### [Task]
Every line from the one with "这一消息迅速在网络上传播开来" through the last line below should be repeated exactly; pictures stay out of the copy.
*** Opening of Data shown ***
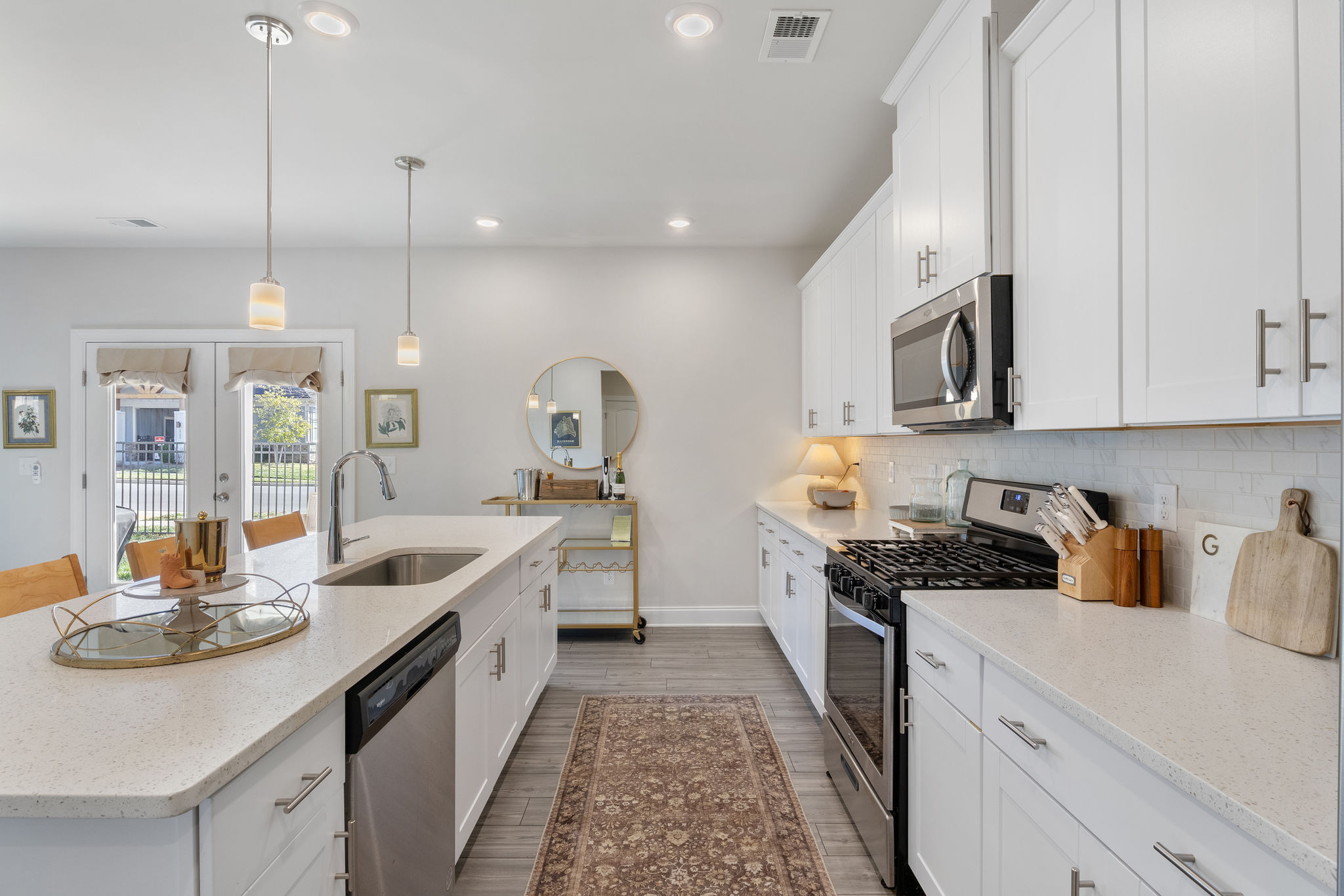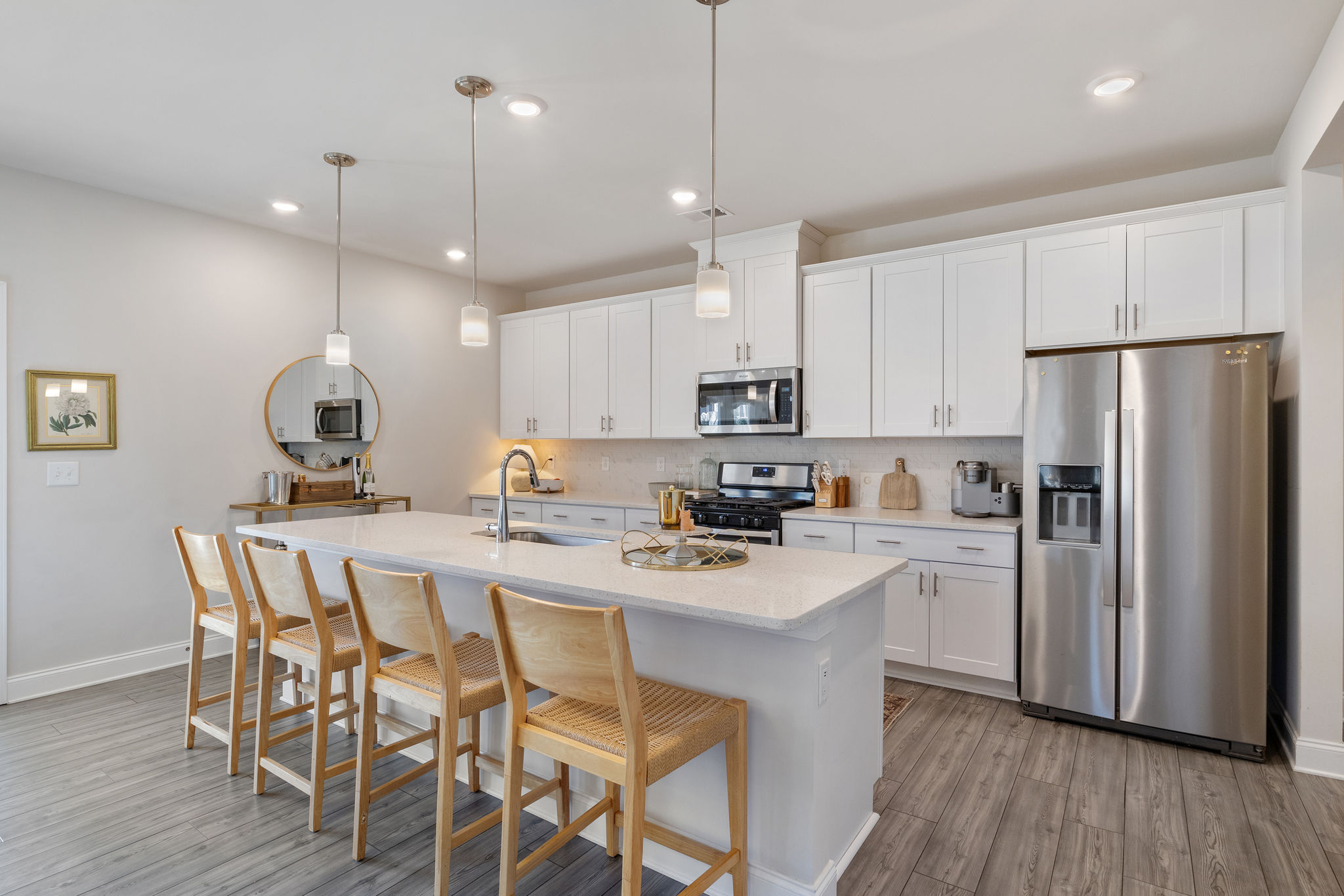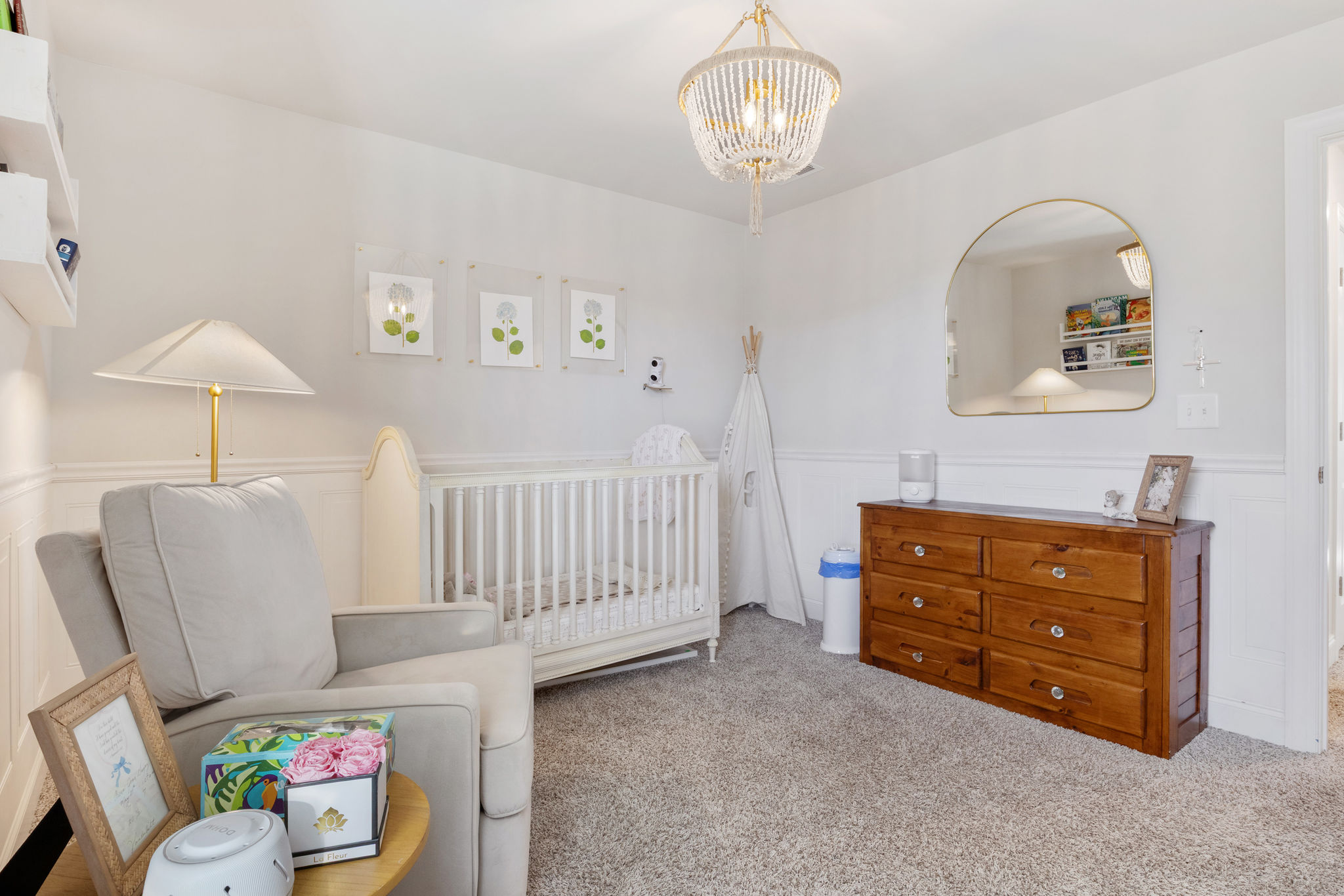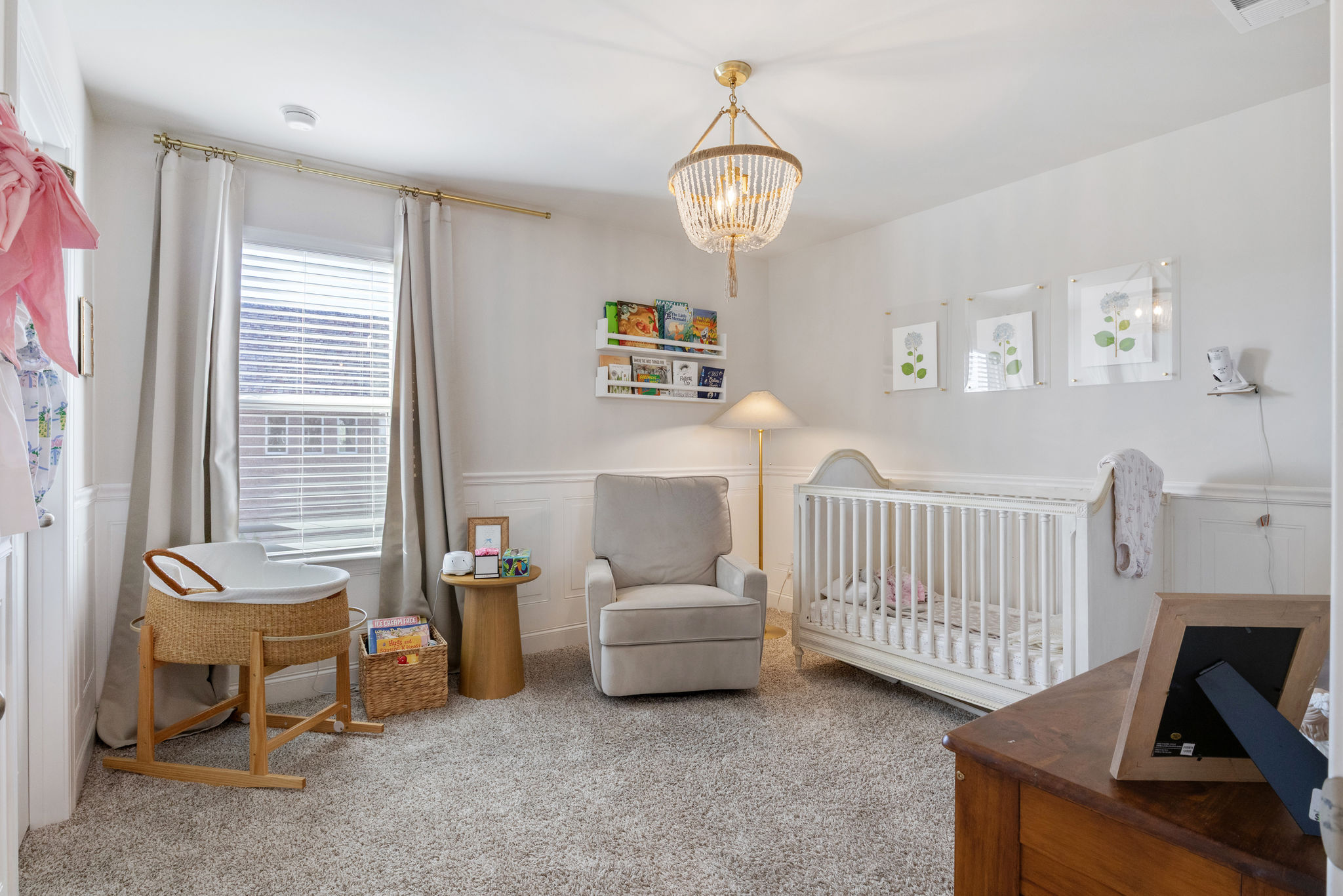 • Designer Accents: Wainscotting detail paired with a statement light fixture in the guest room
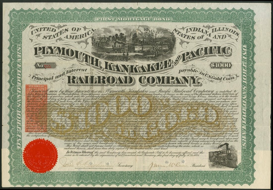 USA: Plymouth, Kankakee and Pacific Railroad Co., bond for $1000, 1871, #755, train passing through countryside at top, ornate border, black and green with gold underprint, printed by Henry Seibert & Bros., with coupons. Small edge tears on folds, VF.
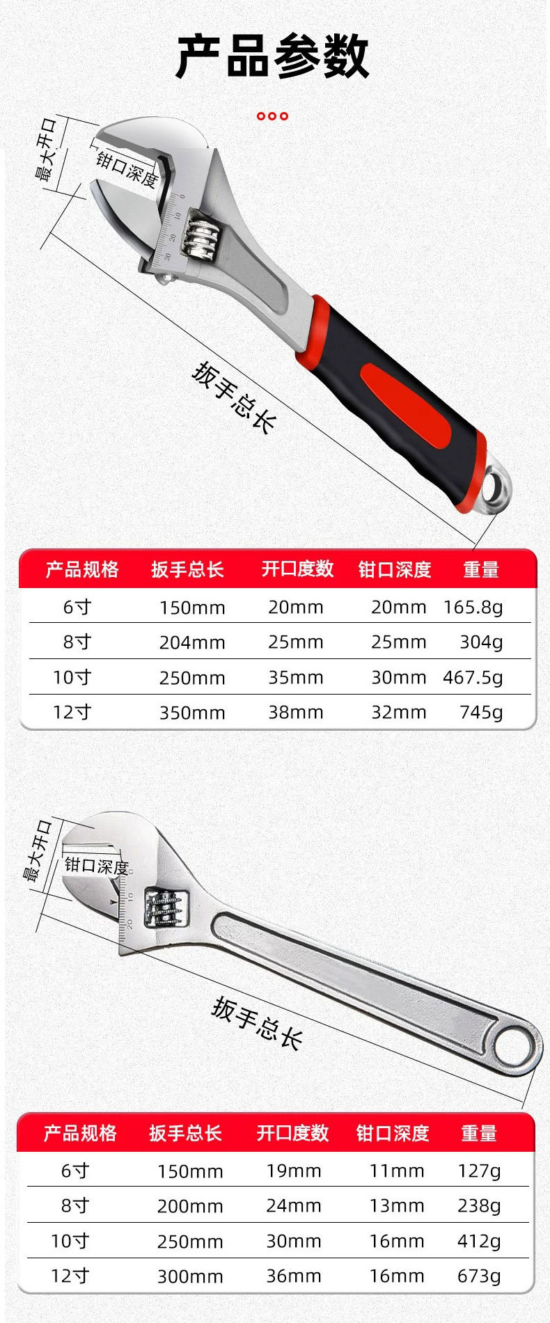 • 가벼운 손잡이 8inch 조절 렌치
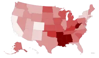 - 1 2 "Prevalence of Self-Reported Obesity Among U.S. Adults by State and Territory". CDC.gov. 2016. Retrieved January 17, 2018.
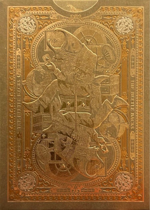 The Beetle Backs, presented by The Gentleman Wake and designed by Widakk Design, is the culmination of a two-year long effort to create a deck of cards perfect for Collectors, Players and Magic Enthusiasts everywhere. Classic and beautiful, evoking turn-of-the-20th-century style and elegance and the finest modern handling and playing card printing techniques, The Beetle Backs also tells the Kafkaesque tale of an embattled entomologist deep in study of his chosen field; the Dynastinae subfamily of scarab beetles. For Players, Collectors, and Magic Enthusiasts, The Beetle Backs is a masterwork collection of Decks and Accessories; a perfect union of classically inspired illustration and modern design, masterfully realized with the absolute highest quality materials and attention to detail. Featuring cards with exquisite handling and linen finish, adorned with pantone inks and, in a some cases, cold foil. The decks are packaged within premium tuck boxes emblazoned with as many as three foil layers and deep embossing. Limited to 1500, The Beetle Backs Legacy Edition features a gorgeously embossed tuck case with 3 tones of gold foil pressed on the highest quality 310 gsm cardstock. The cards within are gold gilded and include a classic mirrored back design adorned in beautiful gold cold foil and metallic ink, contrasting with a deep black background. The faces of the cards are also printed with gold cold foil. Black and gold cold foil border upgrade is also added in! A true collectors item that will amaze at the card table or on the shelf.
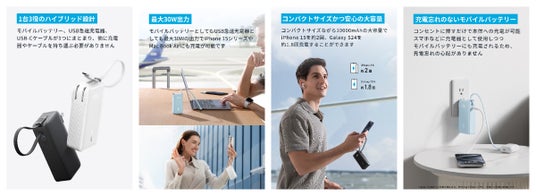 本製品は、販売開始当日にAmazon.co.jp売れ筋ランキング【携帯電話・スマートフォン用モバイルバッテリー】カテゴリにおいてベストセラーを獲得(※1)し、USB急速充電器とモバイルバッテリーにUSB-Cケーブルが一体となった「Anker Power Bank(30W, Fusion, Built-In USB-C ケーブル)」が、10000mAhの大容量に進化したモデルです。外出先でもiPhone 15を約2回充電が可能な他、USB急速充電器としても、モバイルバッテリーとしても最大30W出力に対応。スマートフォンへの急速充電はもちろん、MacBook Airにも充電が可能です。カラーは、ベーシックなブラック、ホワイトに加え、持ち物に合わせて選べるピンク、ブルー、パープルと全5色を展開し、お好きな色をお選びいただけます(※2)。モバイルバッテリーや充電器、ケーブルを本製品一台にまとめられるため、移動や出張の多いビジネスパーソンや旅行等のシチュエーションでも最適です。
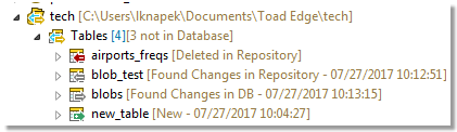 You modified an object in your database/schema / repository. These changes have been detected by Toad Edge but they have not been confirmed yet. To confirm and resolve them, Synchronize the database/schema and the repository |
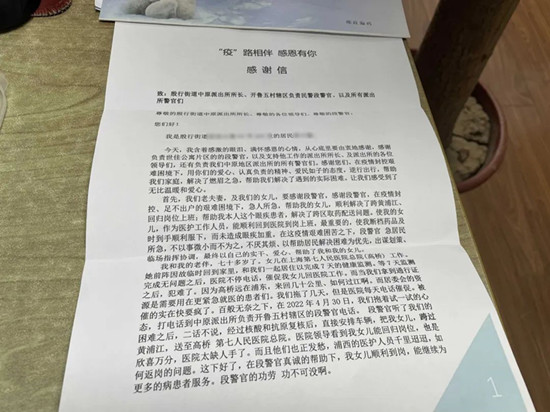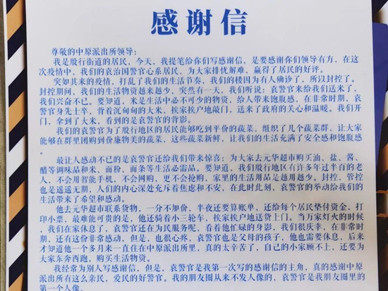 无独有偶,市民周阿姨也来到中原路派出所向一直帮助着自己和家人的社区民警段翌麟送上感谢信。疫情期间,段警官多次帮助市民周阿姨第一时间解决生活及配药难题,为此老人由衷地向其表示感谢。
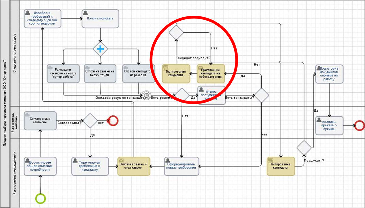 В данном бизнес-процессе обращаем внимание на то, что если кандидат не подошел в процессе тестирования, мы снова приглашаем кандидата.
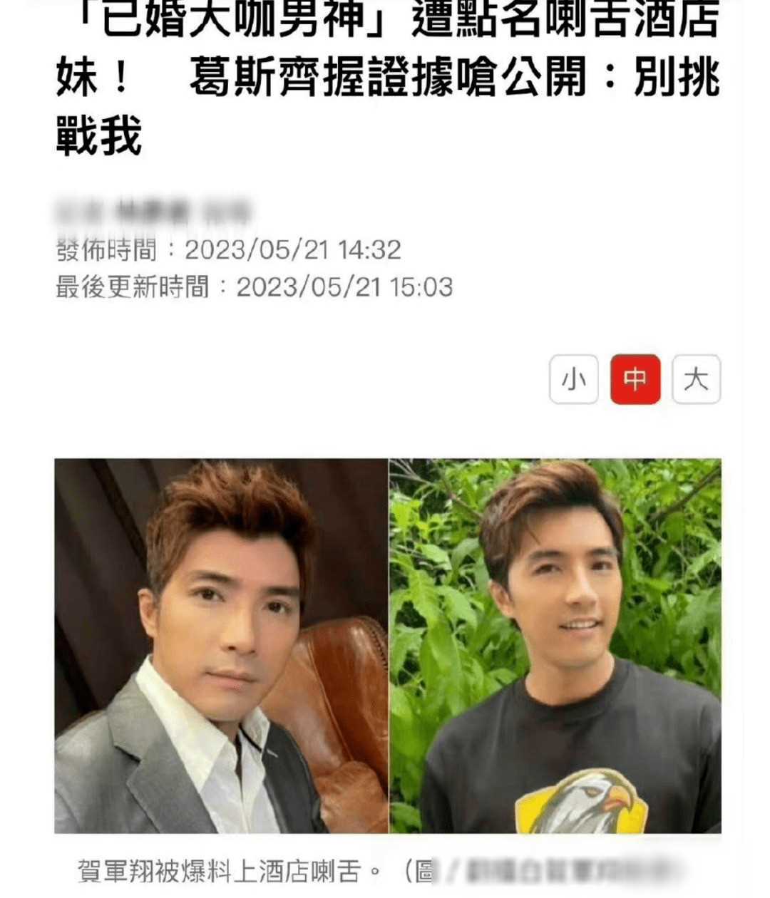 这一消息迅速在网络上传播开来,许多网友纷纷表示难以置信。毕竟,贺军翔曾是许多人心中的禁欲系男神,他在偶像剧中塑造的深情形象深入人心。然而,现实却如此残酷,他的这次行为无疑让粉丝们大失所望。
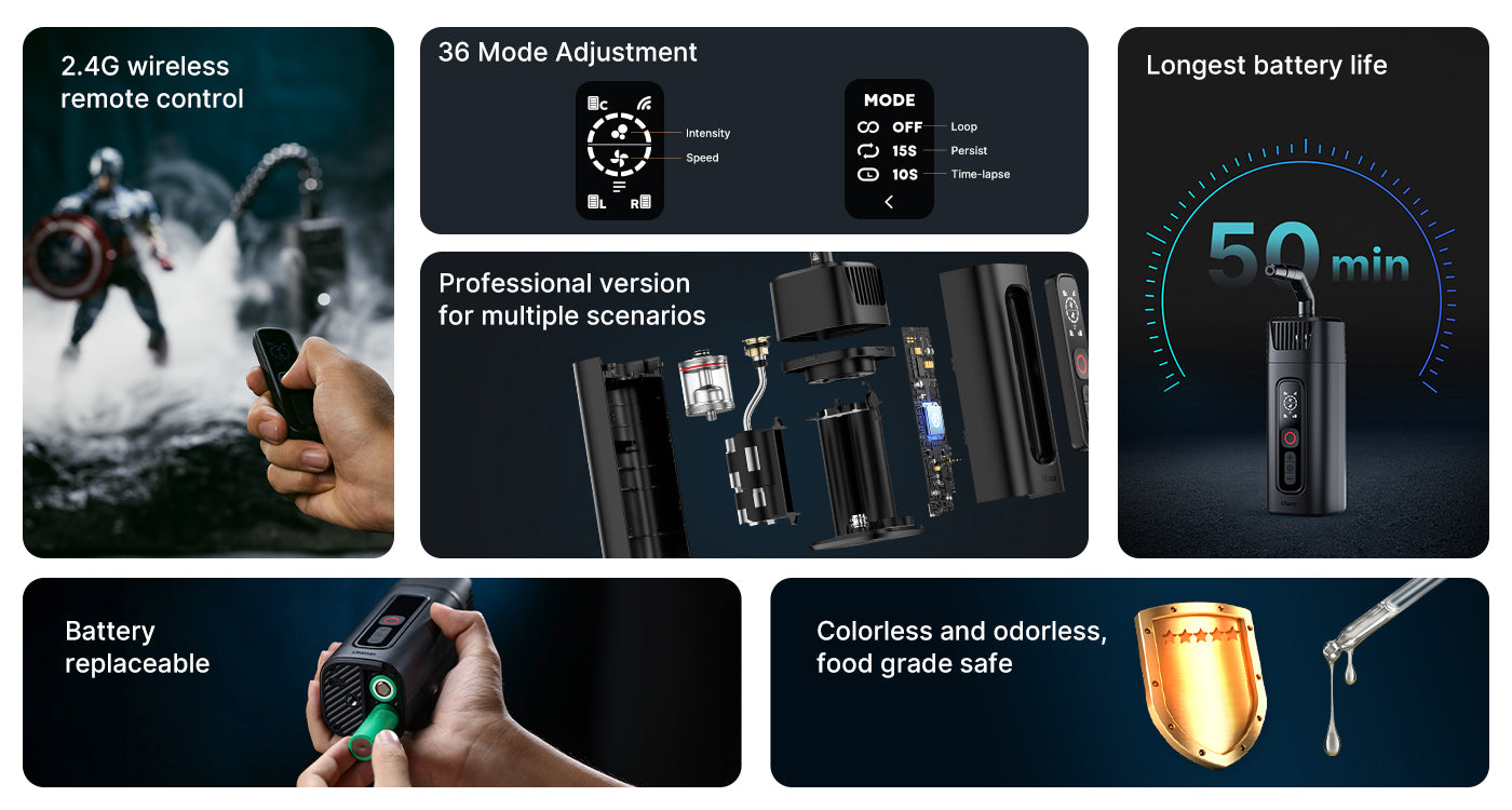 Ulanzi FM01 FILMOG Ace prijenosni stroj za maglu , stroj za dim s 36 efekata magle različitih intenziteta, magla od 40 W s daljinskim upravljačem (do 10 metara), prijenosni ručni generator magle, savršen za fotografiranje, događaje na otvorenom, zabave, scenske efekte, Noć vještica ili vjenčanja.
*** Close of Data shown ***
### [Answer section]
 这一消息迅速在网络上传播开来,许多网友纷纷表示难以置信。毕竟,贺军翔曾是许多人心中的禁欲系男神,他在偶像剧中塑造的深情形象深入人心。然而,现实却如此残酷,他的这次行为无疑让粉丝们大失所望。
 Ulanzi FM01 FILMOG Ace prijenosni stroj za maglu , stroj za dim s 36 efekata magle različitih intenziteta, magla od 40 W s daljinskim upravljačem (do 10 metara), prijenosni ručni generator magle, savršen za fotografiranje, događaje na otvorenom, zabave, scenske efekte, Noć vještica ili vjenčanja.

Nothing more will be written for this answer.